## SOURCE DATA:

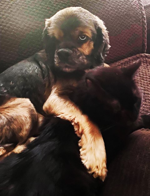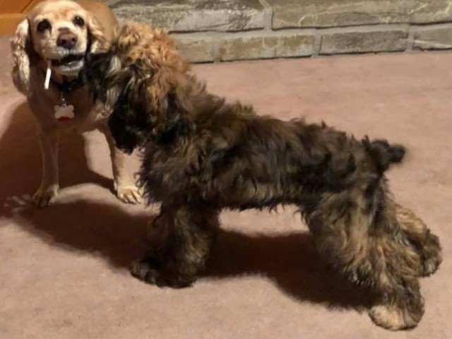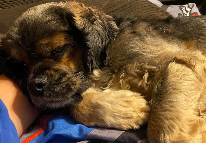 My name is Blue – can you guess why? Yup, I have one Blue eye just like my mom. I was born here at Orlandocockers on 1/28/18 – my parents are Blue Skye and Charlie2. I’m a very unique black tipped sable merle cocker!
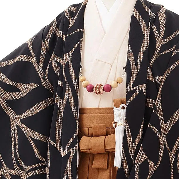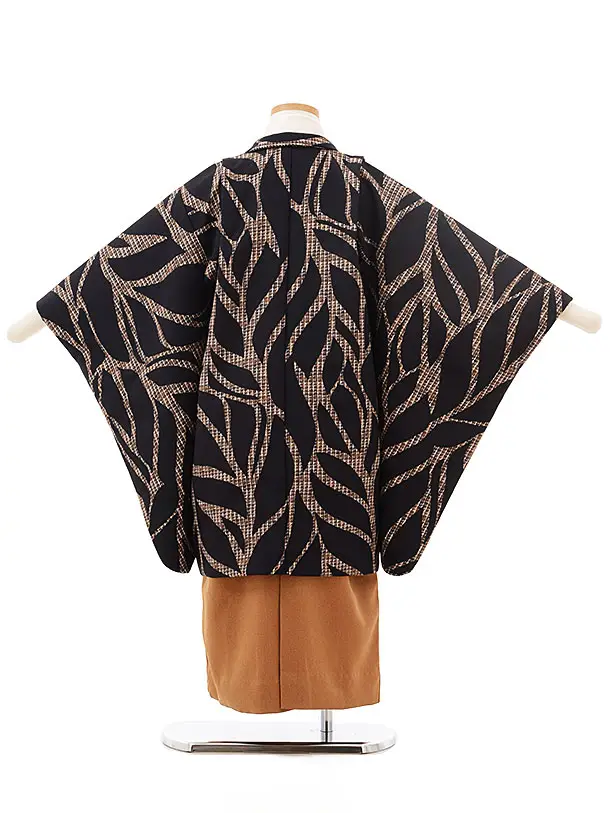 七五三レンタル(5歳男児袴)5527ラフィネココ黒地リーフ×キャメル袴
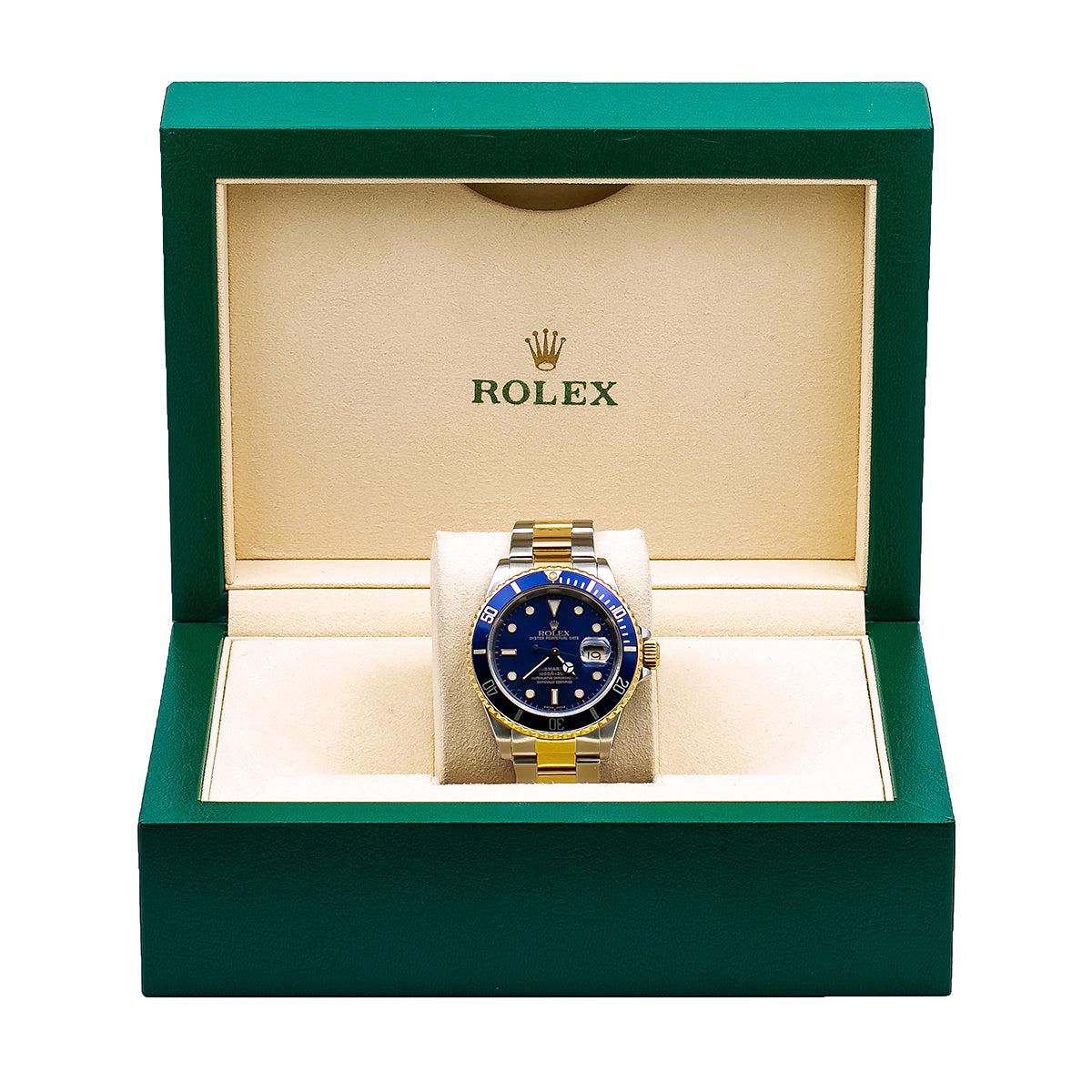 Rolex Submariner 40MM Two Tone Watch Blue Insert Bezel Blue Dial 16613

## ACTIVITY:
Exact repetition of the material above is required, with the images removed.

## ANSWER TO THIS EXERCISE:
 My name is Blue – can you guess why? Yup, I have one Blue eye just like my mom. I was born here at Orlandocockers on 1/28/18 – my parents are Blue Skye and Charlie2. I’m a very unique black tipped sable merle cocker!
 七五三レンタル(5歳男児袴)5527ラフィネココ黒地リーフ×キャメル袴
 Rolex Submariner 40MM Two Tone Watch Blue Insert Bezel Blue Dial 16613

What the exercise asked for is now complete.